Bab 27 Kehidupan Santai
Setelah pindah ke Lembah Labu, segalanya perlahan-lahan mulai berjalan sesuai rencana.
Ahli pertanian hasil sintesis baru, setelah meneliti tanah dan lingkungan, menyarankan kepada Gao Shun bahwa tahun ini sebaiknya tidak menanam kapas karena musim tanam terbaik telah lewat. Mereka menyarankan menanam jagung dan kedelai. Tanah yang baru dibuka kesuburannya masih rendah, sehingga cocok ditanami kedelai untuk memperbaiki kualitas tanah, sedangkan jagung hanya untuk percobaan dan belum layak dibudidayakan dalam skala besar. Karena Gao Shun sendiri tidak memahami pertanian, ia pun memerintahkan agar para ahli tersebut mengambil keputusan sendiri.

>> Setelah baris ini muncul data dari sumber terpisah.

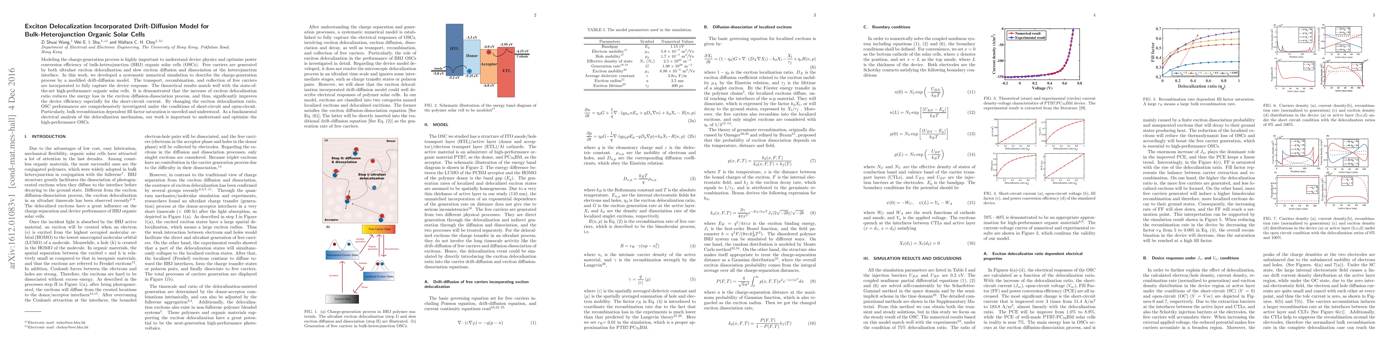This paper presents a modified drift-diffusion model to simulate the charge-generation process in bulk-heterojunction organic solar cells, focusing on exciton delocalization. The model successfully captures device response and shows that higher exciton delocalization ratios improve efficiency, particularly for short-circuit current, by reducing energy loss in exciton diffusion-dissociation.

Tukang kayu hasil sintesis baru, pertama-tama membuat bellow sesuai gambar, lalu membuat meja, kursi, dan bangku berdasarkan sketsa yang digambar oleh Gao Shun. Sekarang perabot seperti bangku lipat dan bangku bulat telah tersedia, hanya perlu diperbaiki dari bentuk aslinya sehingga tidak sulit. Efisiensi para tukang kayu ini sangat tinggi, setiap hari ada produk baru yang dihasilkan. Setiap kali, Gao Shun selalu memberikan banyak saran yang masuk akal, dan para tukang kayu itu memperbaiki produk tersebut satu per satu sampai Gao Shun puas. Sampel produk yang dibuat tidak terbuang sia-sia, melainkan diberikan ke kantor Li Qiang dan Ma Gui untuk digunakan. Produk yang sudah disetujui Gao Shun diberikan terlebih dahulu untuk digunakan oleh ibunya, ibu Ge, dan lainnya. Mereka semua sangat memuji barang-barang hasil karya Gao Shun, baik meja makan maupun kursi sandaran tinggi, semuanya sangat nyaman digunakan, jauh lebih baik daripada makan sambil berlutut di atas tikar.
Pandai besi hasil sintesis baru kemampuannya terbatas, hanya bisa membuat alat pertanian sederhana dan senjata biasa. Gao Shun memerintahkan mereka untuk bekerja sama dengan tukang kayu dan membuat bajak lengkung sesuai gambar, lalu diuji coba di Benteng Bibohu. Begitu dipakai, bajak ini langsung mendapat pujian tinggi dari kepala desa tua. Bajak ini ringan, hemat tenaga, jumlah orang yang dibutuhkan lebih sedikit, mudah berputar arah, bisa mengatur kedalaman bajakan, dan efisiensi mengolah tanah meningkat lebih dari tiga kali lipat dibanding bajak lurus yang biasa digunakan sebelumnya.
Tukang batu hasil sintesis adalah yang paling banyak jumlahnya. Sekarang mereka memimpin warga memperbaiki jalan, membangun rumah, dan tugasnya sangat banyak sehingga tentara bisa dibebaskan untuk berlatih penuh waktu.
Infanteri yang direkrut dilatih oleh Zhao Xiong, sedangkan kavaleri dilatih oleh Li Qiang, Xu Lin, Xu Zhen, dan lain-lain. Sun Cheng, Cao Shan, dan yang lainnya bergantian berjaga di Benteng Taoyuan untuk melindungi keamanan benteng.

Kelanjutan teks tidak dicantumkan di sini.